Most people seem to think that you gain an arsenal of funny stories involving various bodily fluids around the time you give birth, accumulating on through at least the first couple of years of your child’s life. Although childless until recently, I’ve been accumulating these stories for many years, as a result of parents who took me camping and backpacking with regularity throughout my childhood, combined with the fact that I live with several pets that we refer to as the “animal pack.”
I could share fantastically true tales such as a certain family member of mine, who, while on a deep woods backpacking trip in the mountains of West Virginia, chose to take his morning coffee and hike up the steep mountain to find a nicely sized stump to perch with his backside over the end to do his business. He got settled and was just beginning to enjoy the coffee and take in the crisp, sunny morning in the woods when the stump broke and he went careening down the mountain, somersault style, with his pants at his ankles. He stumbled back to the campsite, bleeding, with dirt, leaves, and coffee all over him. Thankfully, everyone in my family knows how to enjoy a good laugh at their own expense.
As of Sunday morning, I could also share the most fantastic of poop stories so far in our new experience of parenthood. On Friday night, with a most arrogant sense of command, I announced to my husband and twins that, on Saturday morning we would begin using cloth diapers on Andrew, by God! Saturday morning arrived and we pulled out the brand spanking new cloth diapers and snapped and velcroed our hearts out, exclaiming over the cuteness of the diapers. At each feeding to follow on Saturday afternoon, we took turns holding our breath with fear, while slowly unsnapping the diaper, expecting the worst mess. It never came. We uneventfully accumulated about five dirty diapers in the laundry pail before going back to disposables for the night. Having called Saturday a relative success, Sunday morning diapering came with all the cockiness of new parents 24 hours into trying something different and having it work out ok. Dave and I got up and got the kids started on feeding. Andrew finished first and wanted to lie in his crib and stare at his mobile. Dave was still working on feeding Audrey when we heard the most fantastic of farts bursting forth from Andrew’s crib. I was the unlucky empty-handed one, so I sidled toward his crib with trepidation. I was not wrong to be frightened. Poop was everywhere! It was on the crib sheet, the crib, and the kid.
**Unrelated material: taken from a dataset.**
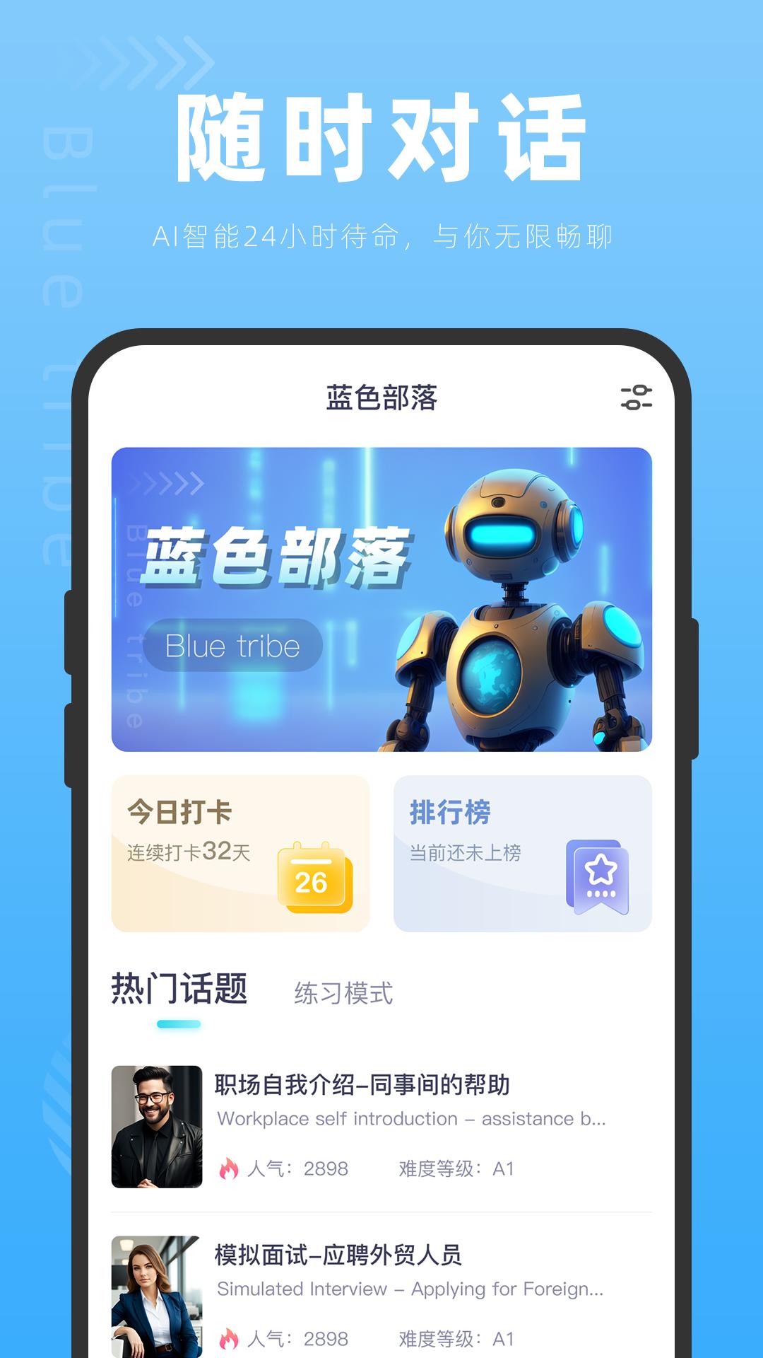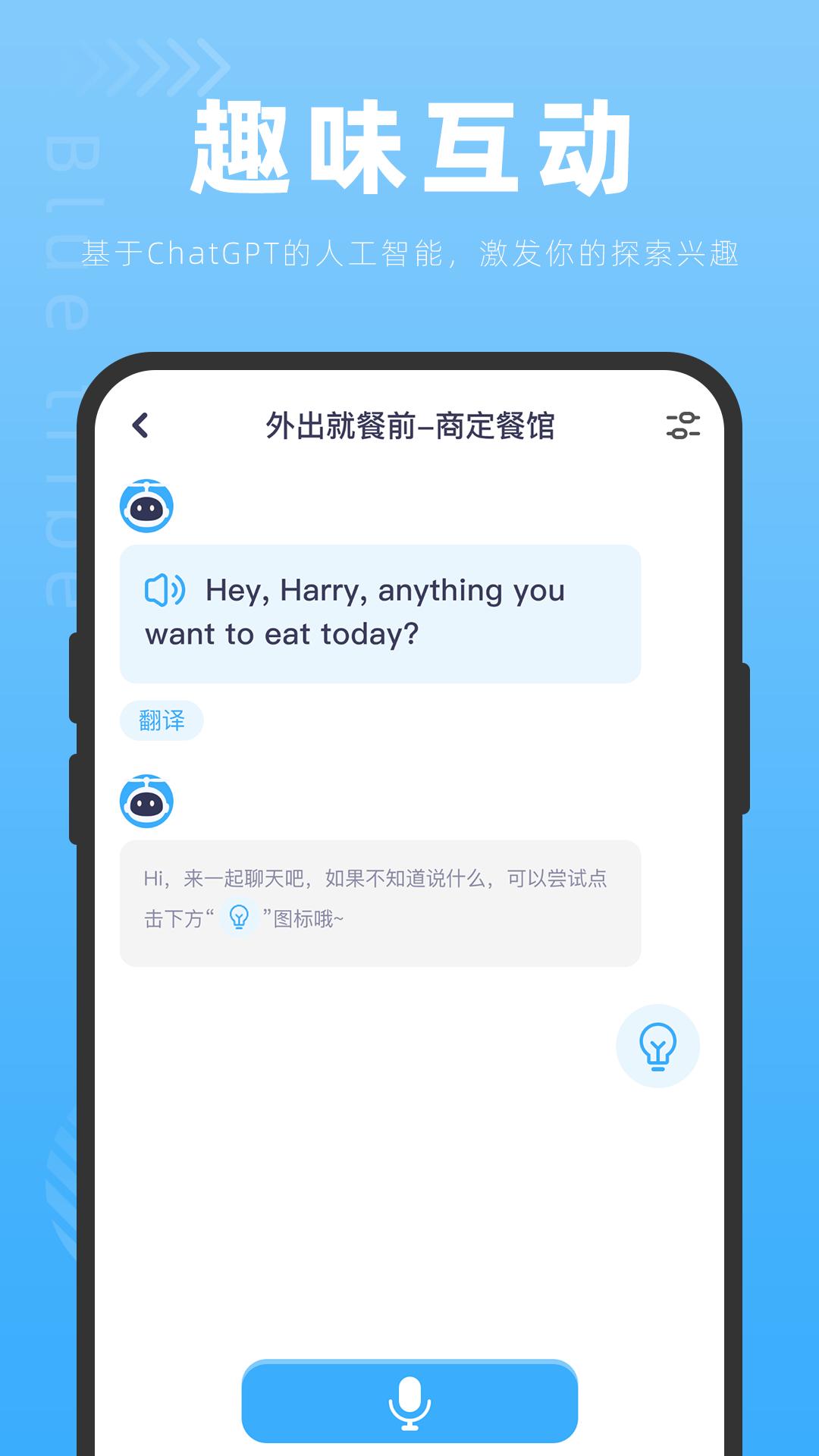 与AI对话,轻松锻炼英语口语,尽在蓝色部落!

I picked him up to fix it, and it then proceeded to be on the carpet, the changing table, the diaper pail, my shirt, pants, his shirt, pants, legs, feet, and face. As I turned around to share a laugh with Dave over our child bred of apparent colonic exuberance, Audrey began vomiting all over him, the nursing pillow, her clothes, blanket, and chair. The twins, who must have been in cahoots, managed to ruin four outfits and create an entire load of laundry in ten seconds flat. We joke that we have not yet found a diaper that can contain Andrew’s colonic exuberance. It took us a good twenty minutes to change our clothes and theirs and clean up the mess. We went back to disposable diapers for the rest of the day.
For this round, it is twins 1, parents 0. Well played, twins, well played.